Riesgos que no desaparecen con la dieta (al menos no de inmediato)
La consecuencia directa es que quienes logran bajar de peso siguen expuestos a enfermedades asociadas tradicionalmente con la obesidad. "La pérdida de peso a corto plazo puede no reducir inmediatamente el riesgo de diabetes tipo 2 y algunos tipos de cáncer", advierte Claudio Mauro, coautor principal del estudio y especialista del Departamento de Inflamación y Envejecimiento de la Universidad de Birmingham. No es pesimismo médico, es biología celular.
Pero hay un matiz esperanzador: esa memoria no es permanente, aunque sí muy persistente. Mauro explica que el manejo continuo del peso tras la pérdida hará que el recuerdo de la obesidad se desvanezca lentamente. ¿Cuánto tiempo? Probablemente entre cinco y diez años de mantenimiento sostenido del peso saludable.

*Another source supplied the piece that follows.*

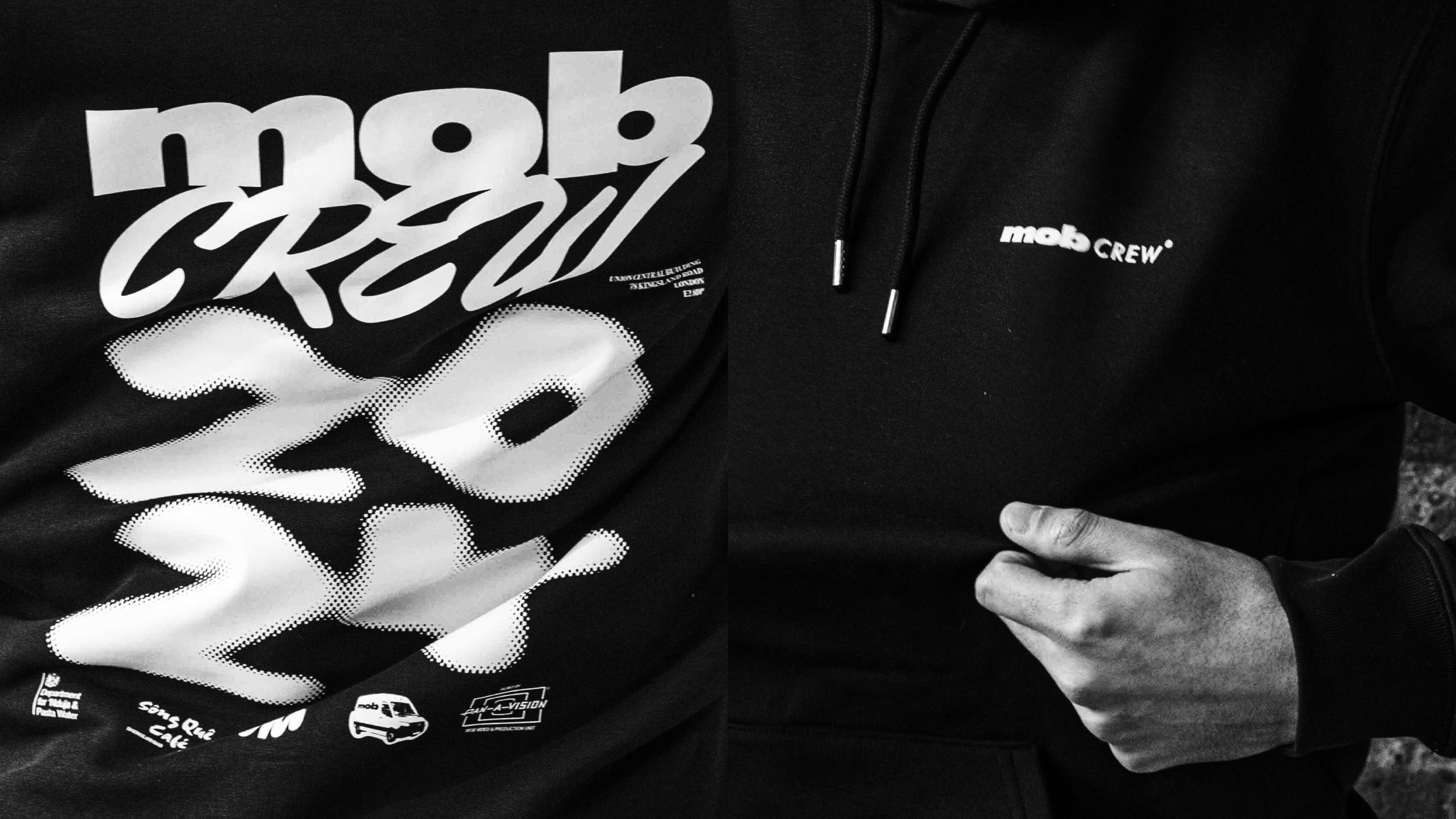 Merch capsule for internal use, translating Mob’s visual language into wearable branded pieces and production-ready artwork.

Es decir, no basta con adelgazar una vez; hay que sostenerlo durante años para que el sistema inmunitario "olvide" por completo aquella etapa de exceso.
Oportunidades terapéuticas: cómo acelerar el olvido celular
La buena noticia es que los científicos ya buscan atajos para acelerar este proceso de "desmemoria". El estudio sugiere la posible reutilización de fármacos como los inhibidores de SGLT2, medicamentos originalmente diseñados para la diabetes que han mostrado potencial para reducir la inflamación y ayudar al sistema inmunitario a eliminar células envejecidas (senescentes) que se acumulan en la obesidad.

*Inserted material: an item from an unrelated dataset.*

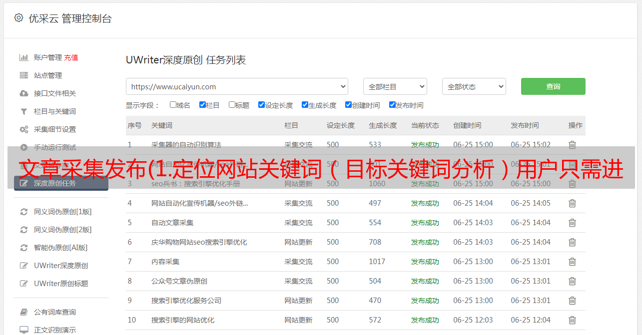优采云 发布时间: 2022-04-01 15:17文章采集发布(1.定位网站关键词(目标关键词分析)用户只需进行简单的设置)

El equipo investigador utilizará estos hallazgos para desarrollar tratamientos dirigidos que restauren el funcionamiento típico del sistema inmunitario, actualmente inhibido por ese marcado del ADN. Estos fármacos podrían administrarse junto con las terapias de pérdida de peso existentes, reduciendo así el riesgo de enfermedades metabólicas y cáncer que la obesidad exacerba. Mientras llegan esas opciones, el mensaje es claro: perder peso es fundamental, pero mantenerlo durante años lo es todavía más.